Herod had been wanting to see Jesus for a long time. You might think that an encouraging sign, but first we have to ask why he wanted to see him. Unfortunately, it was not because Herod thought Jesus was the Messiah or because he even had any interest in the Messiah. Alas, it was only out of idle curiosity. He wanted to see Jesus perform a sign; he wanted to see a miracle. For Herod, Jesus was nothing more than a sanctified sideshow. And we have seen all through Luke’s Gospel how Jesus felt about that kind of thing. “A wicked and perverse generation seeks for a sign.” It started with his own home town when he preached at the synagogue in Nazareth, where his old friends were wanting to see the things they had heard about. But there is no recorded example of Jesus ever responding positively to such a request. Miracles were done in response to need and to faith, in response to needy faith, never to overcome dishonest doubt or to satisfy idle curiosity. So it is not terribly surprising that Jesus refused even to speak to Herod. Even Pilate got an answer to his questions! Herod got nothing at all. And this is always what happens to a wicked generation that comes to God seeking a sign.
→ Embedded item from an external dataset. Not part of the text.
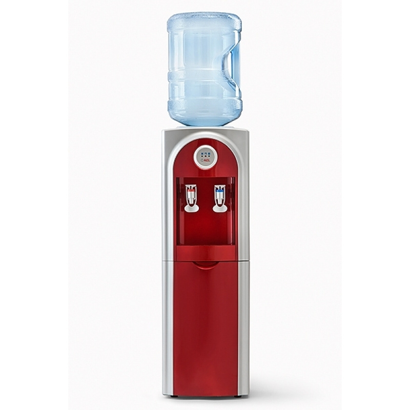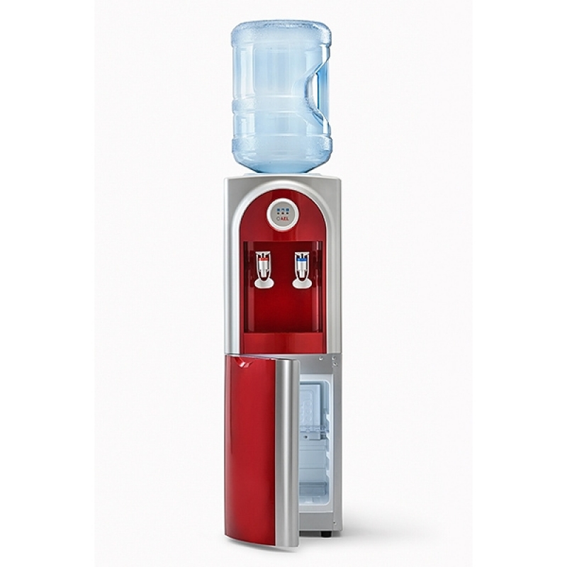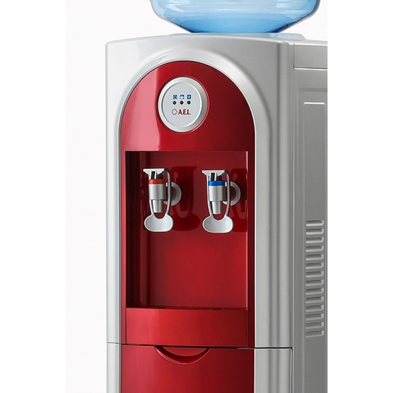 Кулер для воды со шкафчиком напольный LC-AEL-123C RED. Компрессорное охлаждение (6-8 градусов) и шкафчиком для хранения объемом 16 л. (≅240х180х320 мм). Шкафчик не охлаждается, обычно там хранят: чай, кофе, сахар. Цвет – серебро с красной вставкой. Краны — «Нажим кружкой». Сзади есть два тумблера, которые отключают холодную и горячую воду.

Well, we certainly don’t have that problem. Most of us would probably be made quite uncomfortable if we were given a sign! But maybe we have our own versions of coming to Christ out of idle curiosity. Have you ever read your Bible to prove a point, rather than to meet God and submit to his Truth? Do you ever come to church hoping for a certain kind of experience—aesthetic, uplifting, inspiring—rather than to meet the God the experience is supposedly about? Have you ever engaged in a theological discussion to “hear some new thing” rather than to know God and his will better? One thinks of Calvin’s answer to one who asked him what God did before he created the heavens and the earth. “God was not unoccupied before he made the heavens and the earth; he was busy making Hell for idle questioners!” Do we not have our own ways of turning God into a sideshow? Some churches do it blatantly, others subtly, but none of us is immune from the temptation.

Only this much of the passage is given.